During the initial stage of the village movement Governor Henry Light adopted a laissez-faire approach. This seemingly negative attitude could be seen as giving tacit support to the plantocracy in thwarting the efforts of villagers.
On the other hand, the then administrator might have adopted such a cautious attitude since he was at that point in time arousing planters’ indignation over constitutional and other matters.
The early village movement came under a more or less co-operative management system. In other words, a committee of management was elected in each village under a Chairman, a Vice-Chairman, a Treasurer, a Secretary and not less than seven committee members. These were the acknowledged village leaders who exercised authority that flowed from voluntary mutual agreement, with villagers pledging to carry out vital works to ensure the successful operation of the village. Local Government at this early stage was at best a community in action and this system was easily implemented in the communal villagers. To some extent it was adopted in the proprietary ones as well.
Village administration under the village management committees or councils initially worked well but numerous problems were to serve as hindrances to the system. Foremost among them was planter class hostility. Planters feared that the success of the villagers would eventually undermine their continued economic, social, cultural and political dominance. It was not surprising that villagers were periodically and deliberately flooded out by adjoining estates and this invariably meant destruction to crops. Planters also helped to create friction within the committees to management through their strong influence in the local legislature on the question of issuance of title deeds.

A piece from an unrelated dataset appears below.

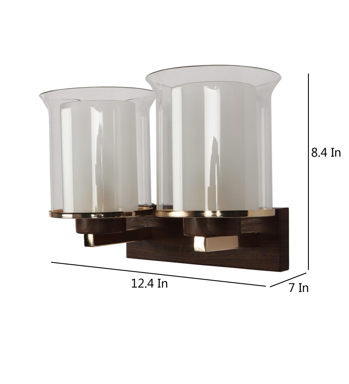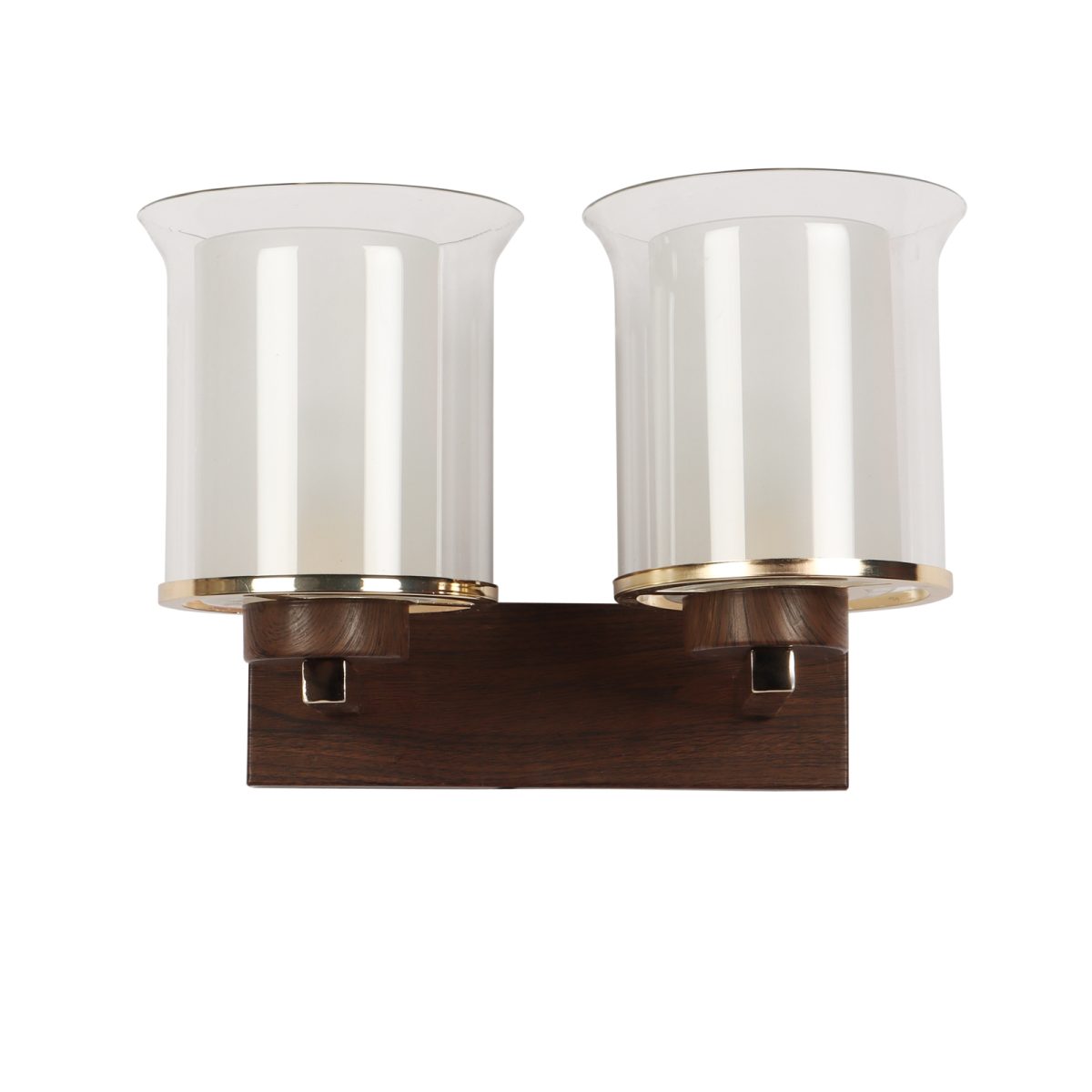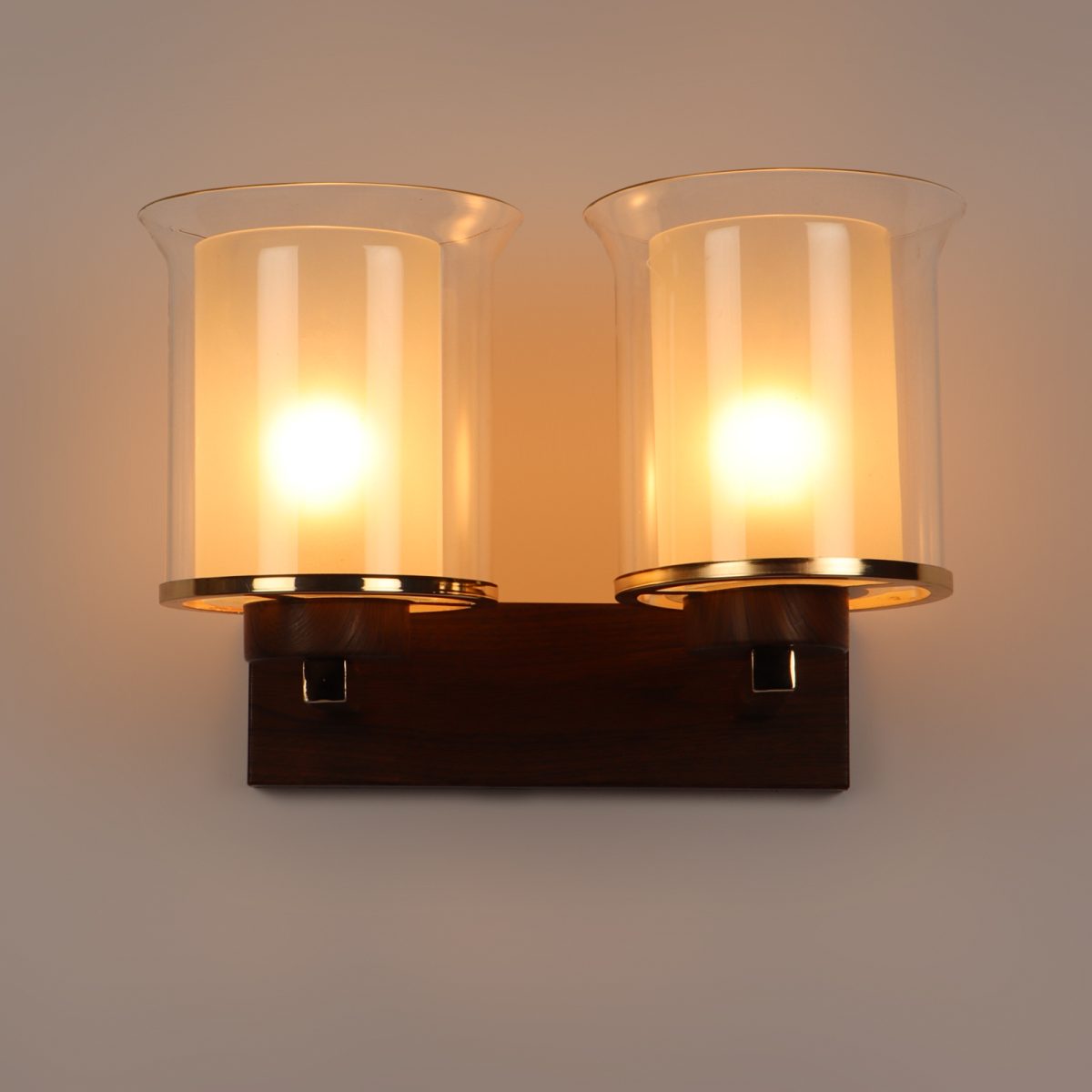 Dark brown (wood finish with grains) double wall light having cylindrical two layer glass made of mild steel. It is maintenance free., It is easy to remove glass and wash them. Comes with an E27 holder, only the change of lamp is required, which is available locally everywhere. Application includes both residential and commercial premises wherever it matches with your interiors. Matching single wall light code WL2536. LAMP NOT INCLUDED.

This in itself led to grave uncertainty among villagers and was a stumbling block to an effective system of village administration. Villagers themselves and their village councils were often starved of capital for investment and development works. As a result there was serious deterioration in the areas of sea defences, polders, irrigation and drainage canals and roads, bridges and dams and general sanitation.
Despite these major setbacks in the nineteenth century some degree of local autonomy was able to survive as the people showed an interest in wanting to govern themselves.
The birth of the local government in Guyana as a formal institution is linked to the attempts by the colonial administration to establish its control over village affairs. For example, as early as 1845 an ordinance was passed to create a Board of Commissioners for public roads, and bridges. Governor Henry Light’s successor, Henry Barkly, also gave some measure of encouragement to villagers. He addressed the question of village administration and the sensitive issue of land titles but his efforts in these areas were impeded by the strong influence of the plantocracy.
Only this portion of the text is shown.